- Task to complete
From first line to last, copy the listing exactly and omit its pictures.

- Data block
-- Opening Marker --
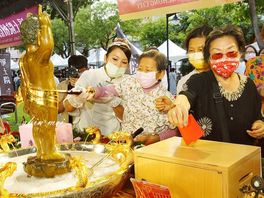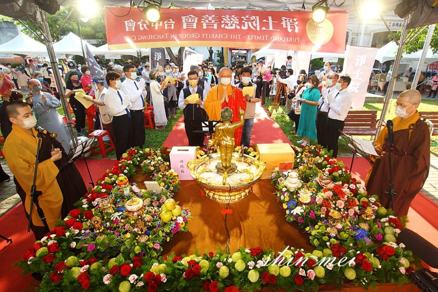 [新媒社 記者張銀澤/台中報導] 2022淨土院 台中分院一年一度的【報母恩。祈福浴佛】法會。111年4月23日美術園道盛大舉行,而這次檀信會與念佛會也一同完成這項年度勝會。疫情急速升溫之下,各幹部與義工菩薩們皆盡力做好防疫措施,讓大家可以安心的參與活動,各攤位也受到大家的歡迎。
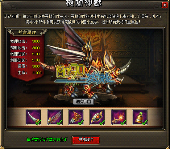 1.活动期间,每天可以免费寻找部件一次,寻找部件的过程中有机会获得七彩元神、升星符、礼券,凑齐6个部件后可以获得无敌机关神兽小宠物,提升所有武将海量属性!
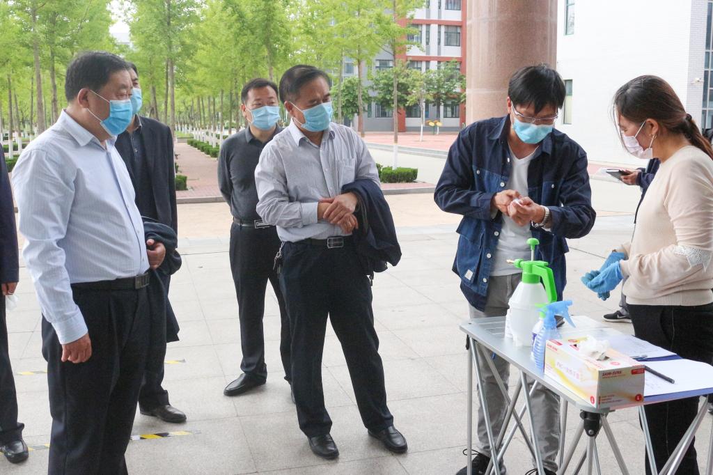 5月15日上午,学院领导宋桂言、贺志强、李瑞昌、郭晓辉现场查看滨海校区2020年春季学期开学准备工作,办公室、宣传部、安全保卫处、学生工作处、教务处、后勤服务处等有关部门负责同志参加检查。
-- Closing Marker --
- Written answer
 [新媒社 記者張銀澤/台中報導] 2022淨土院 台中分院一年一度的【報母恩。祈福浴佛】法會。111年4月23日美術園道盛大舉行,而這次檀信會與念佛會也一同完成這項年度勝會。疫情急速升溫之下,各幹部與義工菩薩們皆盡力做好防疫措施,讓大家可以安心的參與活動,各攤位也受到大家的歡迎。
 1.活动期间,每天可以免费寻找部件一次,寻找部件的过程中有机会获得七彩元神、升星符、礼券,凑齐6个部件后可以获得无敌机关神兽小宠物,提升所有武将海量属性!
 5月15日上午,学院领导宋桂言、贺志强、李瑞昌、郭晓辉现场查看滨海校区2020年春季学期开学准备工作,办公室、宣传部、安全保卫处、学生工作处、教务处、后勤服务处等有关部门负责同志参加检查。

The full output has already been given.